- Battle of Fellaoucene: Part of Algerian War
| Date | 18-20 April 1957 |
| Location | Fellaoucene, French Algeria |
| Result | FLN victory |

Belligerents
- France: FLN

Commanders and leaders
- Serge Andolenko: Ouachen Moulay Ali

Units involved
- French foreign legion 5th Foreign Infantry Regiment;: ALN Wilaya V;

Strength
- Algerian claims: 1,000 soldiers + 30 reconnaissance planes 12 helicopters: Algerian claims: 330 militants

Casualties and losses
- Algerian claims: 500 to 700 killed^{[better source needed]} 400 wounded 1 aircraft shot down: Algerian claims: 120 killed 60 wounded

= Battle of Fellaoucene =

Battle during the Algerian War of Independence

The Battle of Fellaoucene was a military engagement during the Algerian war which took place in the area of Fellaoucene near Tlemcen on 20 April 1957 during the Algerian War of Independence.

The battle coincided with the 16th day of Ramadan, when 30,000 French colonial soldiers equipped with heavy weapons and supported by tanks, 30 reconnaissance planes and 12 helicopters were sent to encounter 330 mujahideen of the Algerian National Liberation Front armed with makeshift rifles. On the French side the 5th Foreign Infantry Regiment participated in the compat against the FLN militants. The FLN militants put up a strong resistance against the French colonial army.
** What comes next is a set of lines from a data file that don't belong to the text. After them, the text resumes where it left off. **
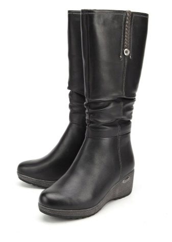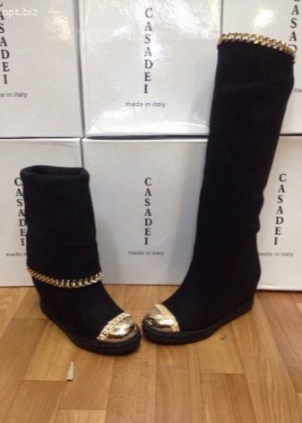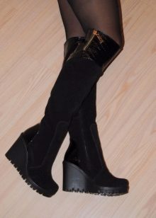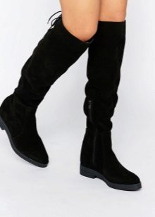 A tapered toe and an elegant wedge make winter boots very feminine. Wedge boots look great in everyday life, and as a complement to elegant clothes. Especially if they are made of suede, velor in delicate pastel colors and other noble materials.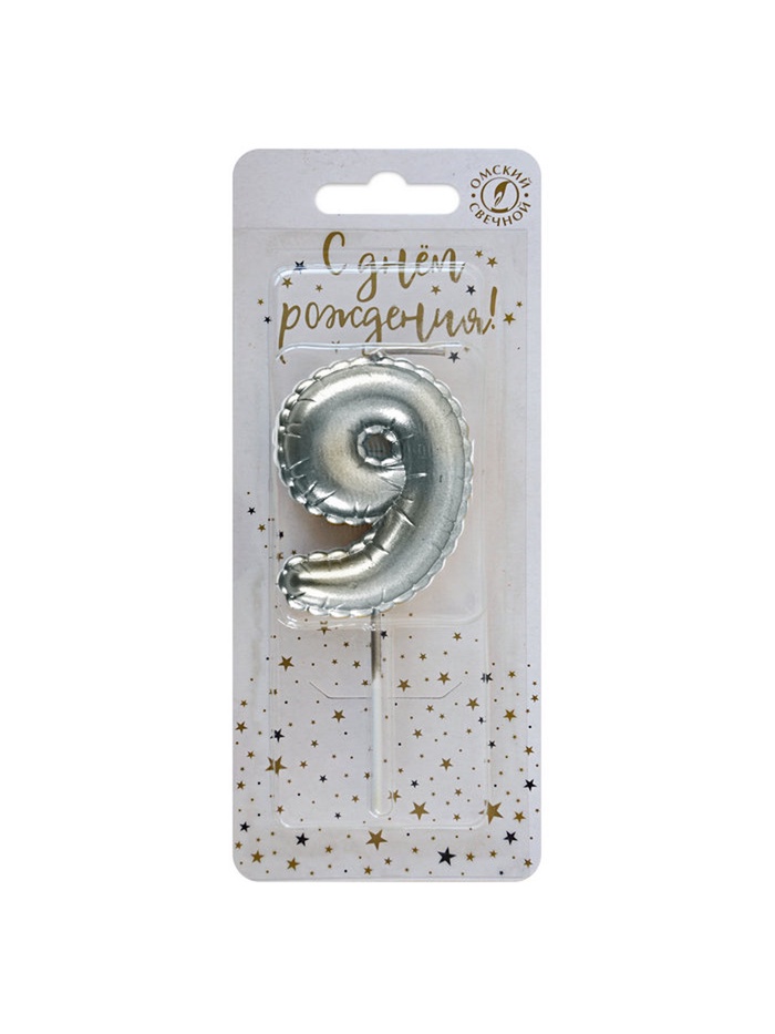 Свеча в торт на шпажке "Воздушая цифра", цифра "9", серебро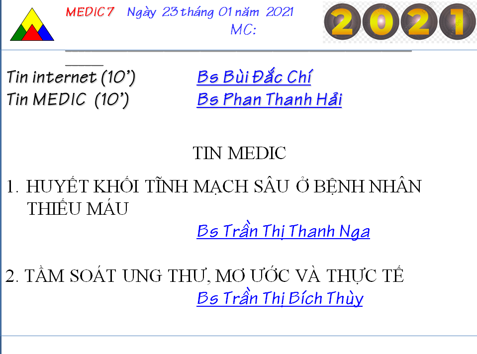 CHƯƠNG TRÌNH SINH HOẠT KHKT MEDIC 7 – NGÀY 23/01/2021 (ONLINE)

As a result of the battle, the Algerians heavily defeated the French colonial army which lost 500 to 700 soldiers killed, 400 seriously wounded and 1 aircraft shot down, while the Algerians only had 120 killed and 60 wounded. French military reports claim 73 rebels were eliminated. A few days later, the French army took revenge by bombarding the entire region of Fellaoucene and the Trara mountains from Nedroma to Ghazaouet with napalm bombs and transferring the population.